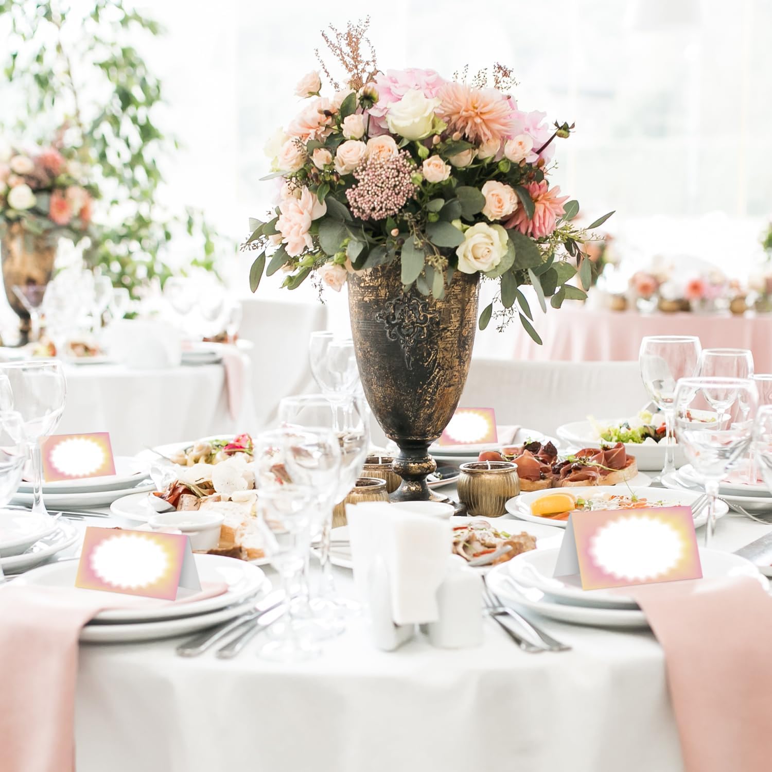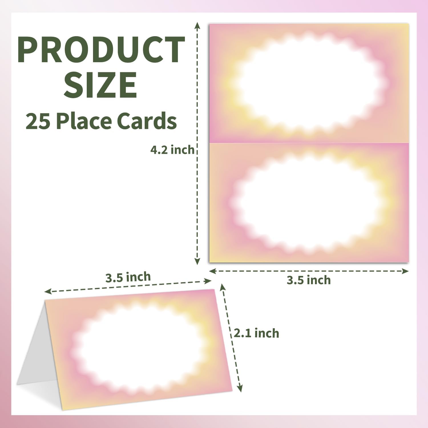 25 Color Gradient Place Cards for Table Seating, Pink Yellow Wedding Name Place Card, Tent Cards for Birthday Bridal Shower Baby Shower Reception Dinner Party Decorations -A04
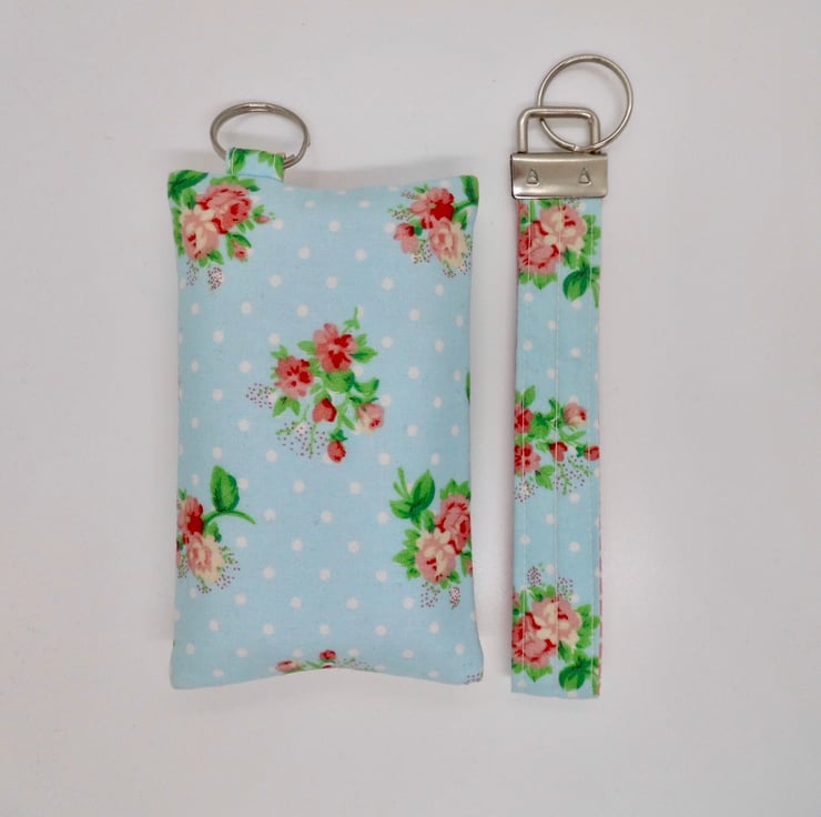 The strap of the matching keyring measures 13cm (so 26cm all the way round) and 2.5cm wide. It has been interlined, is topstitched and has a silver tone key ring.
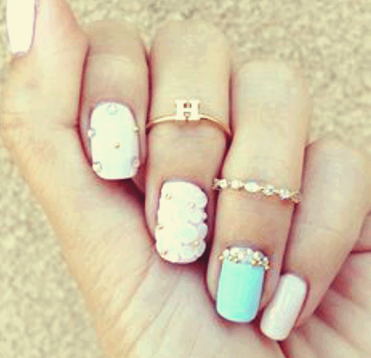 Softly push your cuticles away applying petroleum jelly on your nails. Then paint your nails with colours that you like (but wait a few minutes to do so because otherwise your nail vanish will be sticky -I know, it happened to me once)

________________________

**Prompt**
Beginning with the line where "The strap of" appears, restate word for word every line down to the last one in the data, but keep the pictures out.

**Result below**
 The strap of the matching keyring measures 13cm (so 26cm all the way round) and 2.5cm wide. It has been interlined, is topstitched and has a silver tone key ring.
 Softly push your cuticles away applying petroleum jelly on your nails. Then paint your nails with colours that you like (but wait a few minutes to do so because otherwise your nail vanish will be sticky -I know, it happened to me once)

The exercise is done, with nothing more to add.